In the 1935 EPR paper, Einstein, Podolsky and Rosen write that given two entangled particles, one particle can be used to predict with certainty the value of a quantity of the second particle, or in other words the outcome of measurement on the second particle:

Thus, by measuring either A or B we are in a position to predict with certainty, and without in any way disturbing the second system, either the value of the quantity P or the value of the quantity Q.

One way to come to terms with this phenomenon is to stipulate faster than light interaction. This is how John Stewart Bell put it:

In a theory in which parameters are added to quantum mechanics to determine the results of individual measurements, without changing the statistical predictions, there must be a mechanism whereby the setting of one measuring device can influence the reading of another instrument, however remote. Moreover, the signal involved must propagate instantaneously, so that such a theory could not be Lorentz invariant.

However, if I understand correctly, the current view in physics is that the remote particles to not interact upon measurement, and the phenomena is viewed in terms of correlations.

In particular in Quantum Field Theory, which according to the Wikipedia "is brought forward as an unavoidable consequence of the reconciliation of quantum mechanics with special relativity", the remote particles do not interact. For example, see the following answer by the physicist Luboš Motl:

there are no interaction terms operating in between the two particles at all!

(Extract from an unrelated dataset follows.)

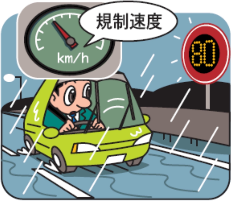 高速道路では、天候や道路工事、交通事故など交通環境の変化に応じて最高速度が規制されます。雨天時も降雨の状況に応じて速度が規制され、通常時は最高速度が時速100キロの区間でも時速80キロ以下になります。雨天時に走行する時は、可変式の速度規制標識や電光掲示版などに注意し、速度が規制されている時は必ずそれを守って走行しましょう。雨天時の高速道路でスピードを出し過ぎると、路面にできた水の膜のうえを水上スキーのようにタイヤが滑走して、ハンドルもブレーキも効かない「ハイドロプレーニング現象」が発生する危険がありますので、十分な注意が必要です。

Because there are no interactions, there is no influence, and the observed correlations clearly can't have anything to do with any non-local interactions.

So Einstein writes that the nearby particle can be used to predict with certainty the outcome of a measurement of the remote particle.

One can ask how the particle does it, and the answer is that we do not know.

Is it possible in principle to build a machine that can predict with certainty the outcome of a measurement on the remote particle?

The answer is yes, the machine could use the nearby particle as an "oracle" to make its prediction.

But is it possible in principle to build a machine that can predict with certainty the outcome of a measurement on the remote particle without using the nearby particle?

As far as we know, the answer is no.

In particular there is no (Turing) computation, not even in principle, that can make the prediction Einstein is writing about.

The question is therefore, why is quantum entanglement not acknowledged as an observable incomputable phenomenon?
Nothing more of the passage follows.